Law360 (November 4, 2024, 10:27 PM EST) –The U.S. Supreme Court on Monday vacated a Second Circuit decision denying a Chinese national’s appeal of an immigration judge’s removal order, citing its recent Loper Bright decision overturning decades-old precedent instructing judges about when they could defer to federal agencies’ interpretations of law in rulemaking.

The high court granted the petition lodged by Kwok Sum Wong and remanded his case for further proceedings in light of its June ruling inLoper Bright Enterprises v. Raimondo , according to an entry on the case docket. The justices’ opinion wasn’t immediately available Monday.

In its Loper Bright decision, the Supreme Court axed the longstanding Chevron doctrine, which permitted courts to defer to a federal agency’s reasonable interpretation of a law when the statute is ambiguous.

Wong’s case centers on circumstances under which a proceeding not denominated as “criminal” under the laws of the jurisdiction where it occurred can nonetheless result in a “conviction” within the meaning of the Immigration and Nationality Act. Wong had argued that a disorderly persons offense he pled guilty to doesn’t constitute a conviction under the law, however, that argument was rejected by the Board of Immigration Appeals as well as by the Second Circuit.
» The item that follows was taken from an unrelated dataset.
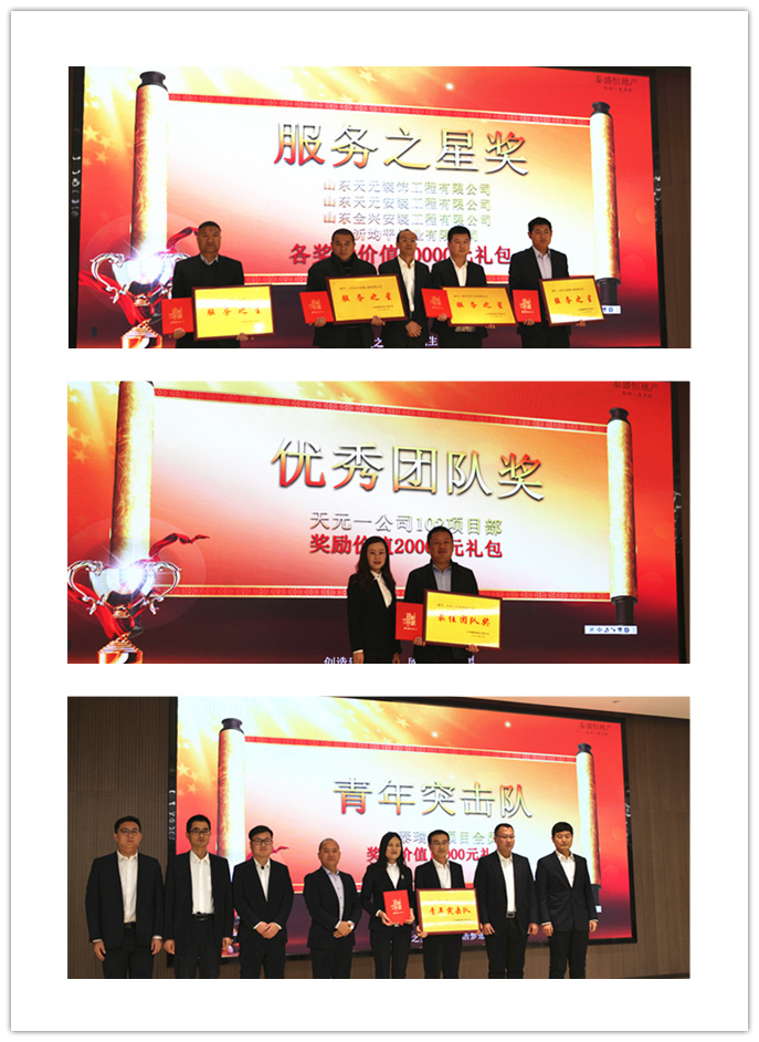 隨后,會議公布了榮獲2019年度服務(wù)之星(山東天元裝飾工程有限公司、山東天元安裝工程有限公司、山東全興安裝工程有限公司、臨沂均平門業(yè)有限公司)、優(yōu)秀團隊獎(天元一公司102項目部)、青年突擊隊獎(金泰瑞府項目)的獲獎單位及項目,并進行現(xiàn)場頒獎。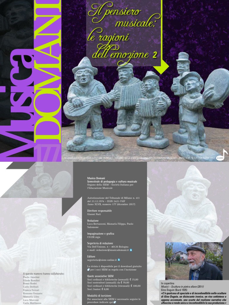 SEMESTRALE DI PEDAGOGIA E CULTURA MUSICALE – ORGANO DELLA SOCIETÀ ITALIANA PER L’EDUCAZIONE MUSICALE – ANNO XLVII . N. 177 – DICEMBRE 2017

According to the underlying BIA decision, Wong is a Hong Kong native who became a lawful permanent resident of the United States in 1979. Decades later, in 2005, he pled guilty to the disorderly persons offense of theft by deception. A year later, he was also convicted of forgery. The U.S. Department of Homeland Security then charged him with removability under the Immigration and Nationality Act “as a noncitizen who has been convicted of two or more crimes involving moral turpitude not arising out of a single scheme of criminal misconduct,” per the decision.

An immigration judge found Wong removable in February 2012. The case made its way to the Second Circuit twice, with a panel most recently remanding the proceedings in part because it was “uncertain whether and why a New Jersey disorderly persons offense satisfied the definition of ‘conviction’” under immigration law, according to the BIA.

On remand, the BIA again found that the disorderly persons offense under New Jersey law constitutes a “conviction.” Specifically, it said that the term “conviction” is defined as a “formal judgment of guilt … entered by a court.”

“The respondent does not dispute that he was found guilty, nor does he dispute that the New Jersey Superior Court is a ‘court’ within the meaning of section 101(a)(48)(A)” of the Immigration and Nationality Act, the BIA said at the time.

Rather, Wong argued that the disorderly conduct offense wasn’t a conviction under the immigration law because “defendants in New Jersey disorderly conduct proceedings are not entitled to an indictment by grand jury or to a jury trial,” per the decision. He also argued that New Jersey disorderly conduct offenses do not give rise to any legal disability or disadvantage, nor are they considered “crimes” under state law.

The BIA rejected all of his arguments, finding that how the state defines or labels an offense may be useful but isn’t dispositive.

“Instead, the analysis should focus on whether the judgment exposes the accused to criminal penalties and whether the procedure used to arrive at that judgment conforms to the minimum constitutional requirements for criminal prosecutions,” the BIA said.

New Jersey provides all the constitutionally mandated rights of criminal procedure in prosecutions of disorderly persons offenses, the BIA said. Thus, convictions for those offenses are indeed convictions as defined by the Immigration and Nationality Act, according to the decision.

The government and counsel for Wong didn’t immediately respond to requests for comment late Monday.

Wong is represented by Benjamin Hayes of Goodwin Procter LLP.

The government is represented by Imran R. Zaidi of the U.S. Department of Justice’s Civil Division.

The case is Kwok Sum Wong v. Merrick B. Garland, case number 24-92, in the U.S. Supreme Court.